Tysiące ludzi zebrało się przed gruzińskim parlamentem w stolicy kraju, Tbilisi, aby zaprotestować przed pierwszą sesją nowo wybranego parlamentu, zaplanowaną na poniedziałek.
Protestujący obiecali spędzić noc przed parlamentem, aby ich głos został usłyszany, oskarżając populistyczny rząd o sfałszowanie wyników październikowych wyborów.
Członkowie partii opozycyjnych również ogłosili odmowę udziału w pracach parlamentu.
"Protest będzie trwał całą noc i jutro muszą usłyszeć nasz głos, że te wybory zostały sfałszowane, a oni [rządząca partia Gruzińskie Marzenie] nie mają legitymacji narodu gruzińskiego i legitymacji społeczności międzynarodowej" - powiedział lider koalicji Jedność Ruchu Narodowego, Khatia Dekanoidze.
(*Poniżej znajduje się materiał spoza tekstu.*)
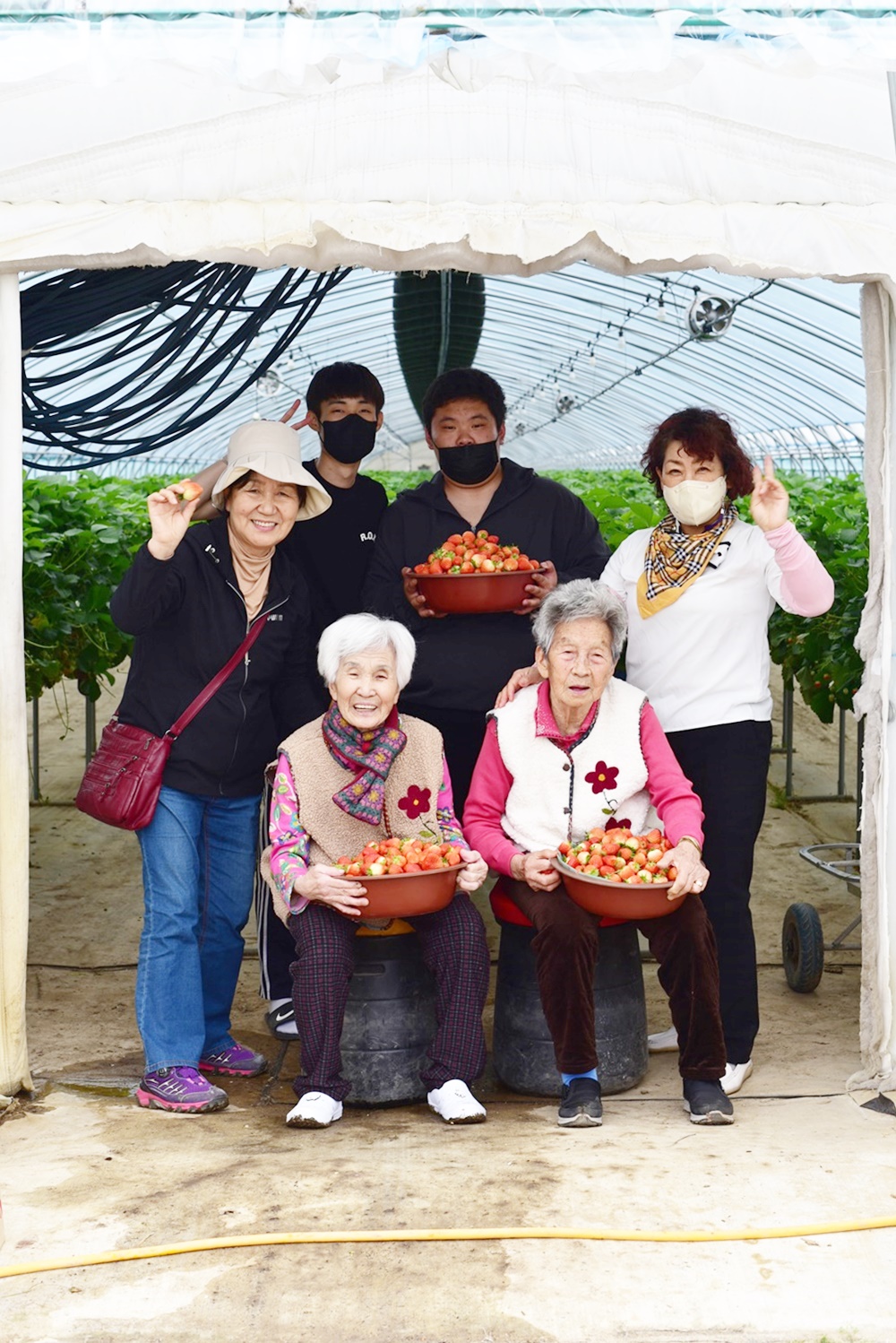 고령딸기체험으로 덕곡면 딸콤농장에 다녀왔습니다 어르신들과 즐거운체험 고령영생요양원 추억소환프로그램 과거 딸기 따셨던 ~ 어르신 모시고 추억 프로그램으로 딸기체험 다녀오셨어요 ~^^요즘은 딸기가 위에서 자라네 ~~^ 하시며 세상 좋아졌다 하셨습니다 다녀오신 후 보호자에게 카톡으로 사진 전달드리고 '어르신 오늘 잘 다녀오셨습니다 딸기를 능숙하게 따시고 블랙데이 짜장면도 맛있게 드시고 오셨어요 /문자 드림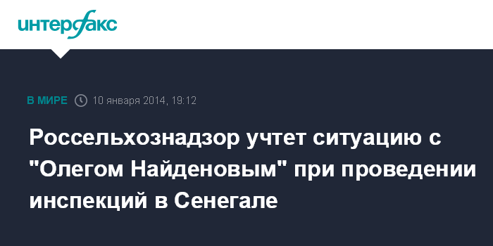 Москва. 10 января. INTERFAX.RU - Россельхознадзор будет принимать решения об инспектировании рыбоперерабатывающих предприятий Сенегала с учетом ситуации вокруг российского траулера "Олег Найденов".

Całodobowe protesty w Tbilisi są następstwem wyborów z 26 października, które utrzymały u władzy prorosyjską partię Gruzińskie Marzenie.
Założyciel partii, miliarder Bidzina Iwaniszwil, dorobił się fortuny w Rosji, a krytycy zarzucają mu, że staje się coraz bardziej autorytarny i nastawiony na Moskwę.
Przeciwnicy twierdzą, że głosowanie zostało sfałszowane i podejrzewają sąsiednią Rosję o ingerencję w wybory.
Wielu Gruzinów postrzegało również wybory jako referendum w sprawie starań kraju o przystąpienie do Unii Europejskiej.
Centralna Komisja Wyborcza podała, że Gruzińskie Marzenie zdobyło około 54% głosów, a liderzy partii odrzucili twierdzenia opozycji o oszustwach wyborczych.
Europejscy obserwatorzy wyborczy stwierdzili, że wybory odbyły się w atmosferze "podziału", naznaczonej przypadkami przekupstwa, podwójnego głosowania i przemocy fizycznej.
Zourabichvili odpiera zarzuty
Proeuropejska prezydent Salome Zourabichvili, która odrzuciła wynik wyborów, oświadczyła na początku tego miesiąca, że zaskarży je do Trybunału Konstytucyjnego.
Zourabichvili, która pełni głównie funkcję ceremonialną, powiedziała, że Gruzja padła ofiarą presji ze strony Moskwy, która twardo sprzeciwia się przystąpieniu krajów postsowieckich do UE.
UE zawiesiła proces ubiegania się Gruzji o członkostwo na czas nieokreślony w czerwcu po tym, jak parlament tego kraju uchwalił ustawę wymagającą od organizacji, które otrzymują ponad 20% swoich funduszy z zagranicy, aby zarejestrowały się jako "realizujące interesy obcego mocarstwa", podobnie jak rosyjskie prawo używane do dyskredytowania i ograniczania organizacji krytycznych wobec rządu.
Partia przeforsowała również przepisy podobne do tych stosowanych przez Kreml w celu ograniczenia wolności słowa i praw osób LGBTQ+.